Share + 
Sadie Barnette and Dena Beard

MOVED ONLINE - Sadie Barnette in Conversation with Dena Beard: The New Eagle Creek Saloon

Tue Apr 07, 2020 12:00 PM - 1:30 PM
Berkeley Art Museum and Pacific Film Archive

**Please note that this event has been rescheduled to Tuesday, April 7. Due to coronavirus (COVID-19) precautions this event was privately recorded and posted online. View the lecture here, also available in our video archive. Thank you for your understanding.**

For The New Eagle Creek Saloon, artist Sadie Barnette reimagined her father’s bar, the first black-owned gay bar in San Francisco. From 1990 to 1993 Rodney Barnette operated the Eagle Creek Saloon, a family-run business that served a multiracial gay community marginalized by the racist profiling practices of San Francisco’s bar scene at that time. Barnette’s project was two-fold: to re-present and archive the Eagle Creek Saloon via her own vernacular aesthetic, and to host a queer social space where former clientele of the Saloon, guest bartenders, and DJs can participate in ongoing acts of resistance, celebration, activism, and community building. Commissioned by The Lab, Barnette’s installation was activated with a series of free events and culminated as a float in the SF PRIDE Parade on June 30, 2019. Barnette will speak with Dena Beard, director of The Lab, on the process of bringing this project to life.

Whether in the form of drawing, photography or large-scale installation, Sadie Barnette’s work relishes in the abstraction of city space and the transcendence of the mundane to the imaginative. Barnette’s work deals in the currency of the real, in earthly acts of celebration and resistance, but is also tethered to the other-worldly, a speculative fiction, a galactic escape.
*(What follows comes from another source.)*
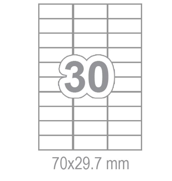 Самозалепващи етикети 70x29.7 30 бр. са произведени от самозалепваща хартия за многофункционална употреба. Подходящи са за работа с копирни машини, лазерни и мастиленоструйни принтери.

As the artist says, “This is abstraction in service of everyday magic and survival in America.” Born and raised in Oakland, California, she earned her BFA from CalArts and her MFA from the University of California, San Diego. Her work has been exhibited throughout the United States and internationally and is in the permanent collections of museums such as LACMA, Berkeley Art Museum, the California African American Museum, Studio Museum in Harlem (where she was also Artist-in-Residence), Brooklyn Museum and the Guggenheim.

Dena Beard is Executive Director of The Lab in San Francisco. She received her M.A. in Art History, Theory, and Criticism from the School of the Art Institute of Chicago and was previously Assistant Curator at the Berkeley Art Museum and Pacific Film Archive. She believes it is important to constantly question perceptual and organizational models, deeply engaging with new modes of thinking around the arts. Beard has organized projects with artists such as Lutz Bacher, Sadie Barnette, Tongo Eisen-Martin, Ellen Fullman, Dora García, Jacqueline Gordon, Anna Halprin, Asher Hartman, Fritzia Irízar, Norma Jeane, Annea Lockwood, Barry McGee, Silke Otto-Knapp, Brontez Purnell, Wadada Leo Smith, and Apichatpong Weerasethakul.